- Wash the rice & beaten rice thoroughly & Soak it for 3-4 hours.
- Prepare a smooth batter of rice, beaten rice, red chillies, tamarind powder, curry leaves. Batter should be like bonda/bajji or pakora batter (batter is little thicker than normal dosa batter). Add salt, asafoetida & sugar to the batter. Mix well.
- Meantime, place the ridgegourd slices in water.
- Heat the dosa griddle, drizzle few drops of oil to it. Dip ridgegourd in the batter & arrange them on the tava/griddle(refer to picture below).
- The ridgegourd slices must touch each other. Add 1/2 tsp oil, cover the griddle with a lid & cook on low-medium heat for 1-1.5mins. Turn the dosa & cook on the other side too for a min.
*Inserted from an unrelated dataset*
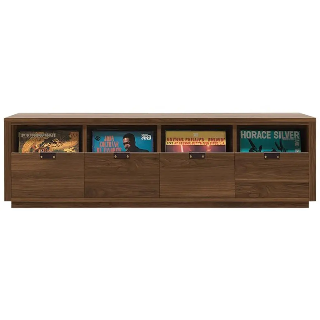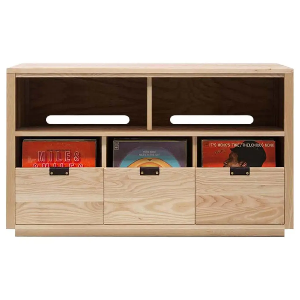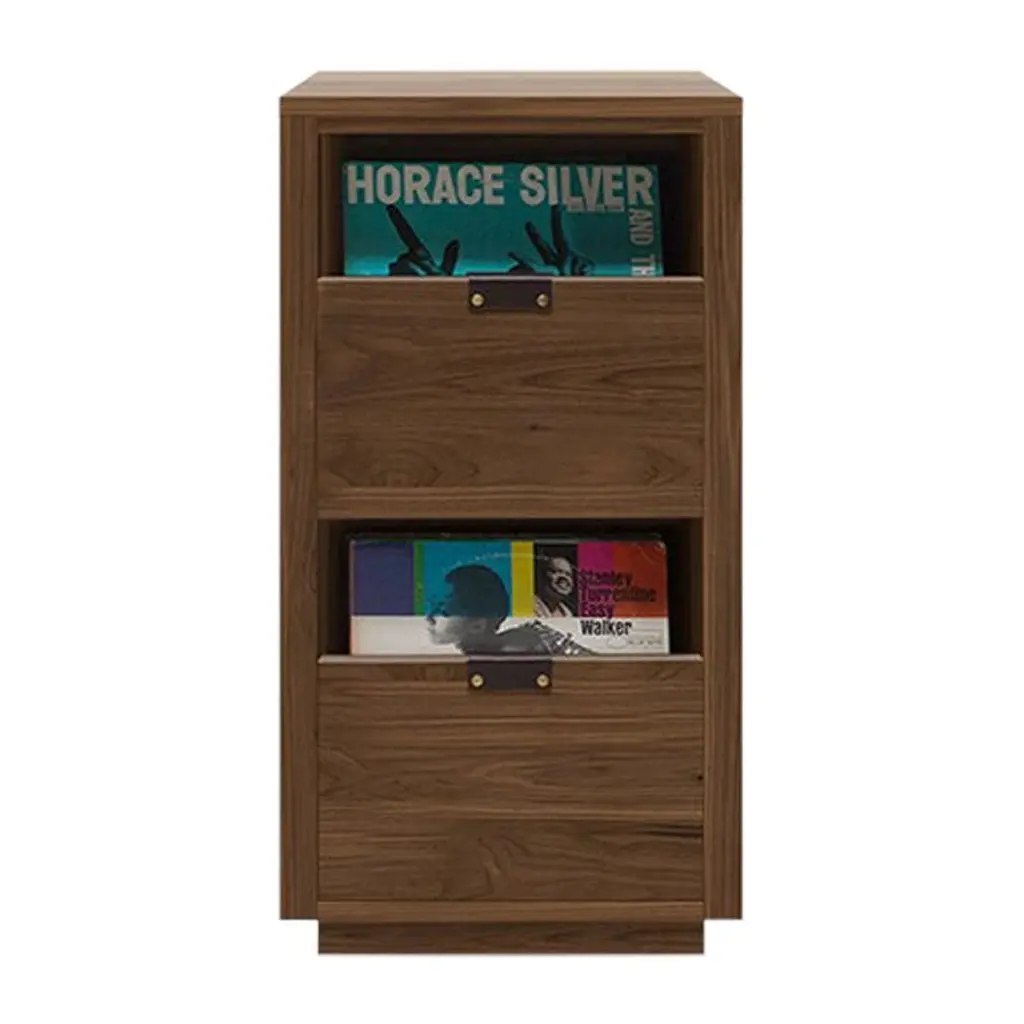 Our Dovetail vinyl storage cabinets utilize a “file drawer” approach to store LPs and allow you to easily flip through an entire record collection while enjoying a visual display of record cover art across the front of the cabinet. The design incorporates many of the same details found in our dovetail record crates into a cabinet that can be customized for your storage needs. Each drawer is constructed with symbol’s exposed English dovetail joinery, vegetable tanned leather handles with solid brass hardware, and utilize heavy-duty full extension soft-close under-mount drawer slides. All of our cabinets are produced in the United States using sustainably harvested solid hardwoods for both strength and beauty.Features:- Store up to 540 LPs- Dovetail drawer boxes with full-extension soft-close undermount drawer slides- Vegetable tanned leather handles with solid brass hardware- Solid wood construction.

- Serve it hot with ghee as a breakfast or a sidedish to rice.
- Instead of raw rice, I used Thai rice. Hence, I increased the beaten rice to 1/3rd cup for 3 cups of thai rice. So, it is important to adjust the beaten rice accordingly to get soft dosas. Else, the dosa becomes very hard & rubbery.
- Addition of coconut (around 1 tbsp) will also enhance the flavor & softness of the dosa, however I try to avoid as we normally consume a lot of coconut otherwise.
- If some more batter is left over, add some water & make it pouring consistency. Prepare thin crepes/dosas with it. (We call it uppu-huli-khara dose. Uppu-Salt, Huli- Sour, Khara-Heat/Spice dosa). These thin crepes/dosa are also equally tasty.